Riley’s copy of Le Pont de Courbevoie is not a literal one. She took the tiny dashes or lozenges of color that comprise the image and enlarged them somewhat, so that her version exaggerates the so-called “pointillist” effect. Its coarser structure calls attention to the way Seurat decomposed and recomposed the scene using contrasting colors placed adjacent to each other—a strategy that, according to 19th-century color theory, would intensify the luminosity the eye perceives. In Riley’s version, the image starts to comes apart, resembling what one might see on an early color TV when the “snow” takes over. Seen another way, it’s Seurat under a microscope. Pink Landscape is a rural vista in Tuscany, with hills, houses, trees, and sea and sky in the far distance, made up of Divisionist pixels of the magnified type that Riley had used in her Pont de Courbevoie. While still a representational work, it is heading toward abstraction, not only in terms of the way it handles form but in terms of color: The shimmering effect of Divisionism is heightened to the point at which it takes over the painting.

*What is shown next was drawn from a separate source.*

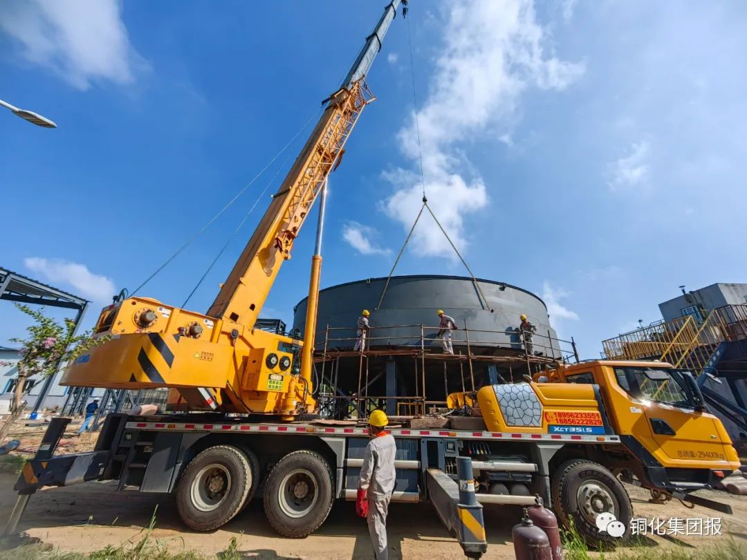 項目完工投用后,每年可處理選礦廢水247.5萬立方米、酸性廢水1000萬立方米,去除COD1485噸、硫化物146.03噸、重金屬錳208噸,在保障原生產(chǎn)線正常運行的同時,顯著降低相關(guān)污染物排放,實現(xiàn)外排水水質(zhì)穩(wěn)定達(dá)標(biāo),有效保護(hù)當(dāng)?shù)厮h(huán)境,環(huán)境效益和社會效益顯著。上圖為吊裝作業(yè)現(xiàn)場。
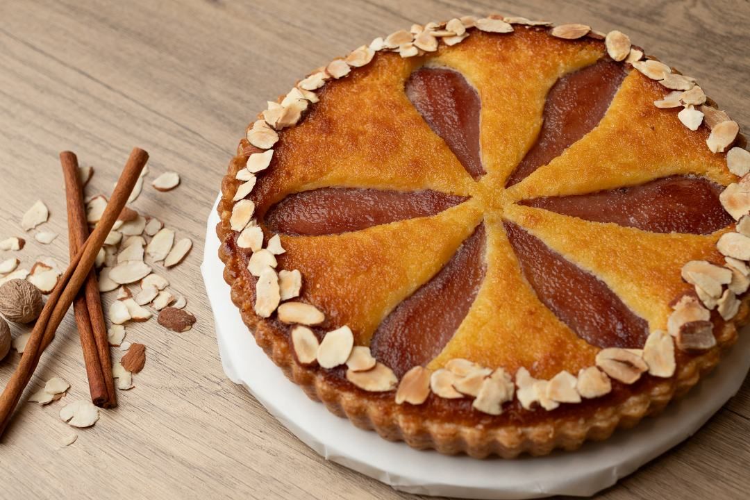 Frangipane tart with spice Port wine poached pears served with spiced Port wine sauce.

With this background in mind, it becomes easier to understand what Riley was doing when she stunned the art world in 1962 with her first solo show, at Gallery One in London. Movement in Squares (1961), which is on view at the Hayward, gets rid of all non-essentials. It’s pure black and white, a checkerboard in which, as your eye moves from left to right, the squares start to contract, into ever-narrower rectangles, then start to expand again. The viewer experiences this as literal movement—the composition seems to ripple and bulge, and at the point where the rectangles are thinnest, there’s a sort of quiver or shimmer taking place. Like the neo-Divisionist work she’d been doing, Riley’s new work was examining the nature of vision, breaking it down, pushing it to its limits and beyond, challenging to viewer to think hard about seeing.

Born in London in 1931, the daughter of a printing-company owner, Riley was raised in Lincolnshire and evacuated to the coast of Cornwall during World War II. There, long before she saw a Seurat, living in a remote place with very few distractions, her eyes were drawn to the shore, where rocks, sand, and sea meet. “This was a tremendous excitement,” she recalled, “the dots, the dashes, the friction, the prickle, the smooth depths, the great tranquility, the opacity that stimulates you to look.” This precocious visual experience prefigures much of what she did later on, when she became an artist.

In 1965, Riley was prominently featured in the exhibition “The Responsive Eye” at the Museum of Modern Art in New York. The show, which garnered huge amounts of media attention, gave her fame but contributed to some fairly glaring misunderstandings that unfortunately persisted for years. The “Op art” label given by journalists to the works on view was associated with the term “Pop art,” then also taking hold in the popular mind in the U.S., with the implication that this was an easy, no-thought, instant gratification type of art, titillation for the eye, nothing but glorified optical illusions. And then there was the even more unfortunate fact that Riley’s paintings were ripped off by commercial entities that, in the absence of copyright protections, put them on dresses, wallpaper, album covers, and much more. Undeterred, Riley persevered in her visual and intellectual aims. Her technique, established early on, was notable; she would make numerous sketches and draft detailed instructions for her assistants, who would then execute the finished product. For Riley, this workshop method was essential rather than a luxury; placing herself at this remove from the object helped ensure objectivity and precision. The Hayward show makes a point of highlighting Riley’s work process by displaying drawings, studies, and other preparatory materials such as, for example, Study for Turn (1964), in which pencilled guide-lines and numbered boxes are clearly visible.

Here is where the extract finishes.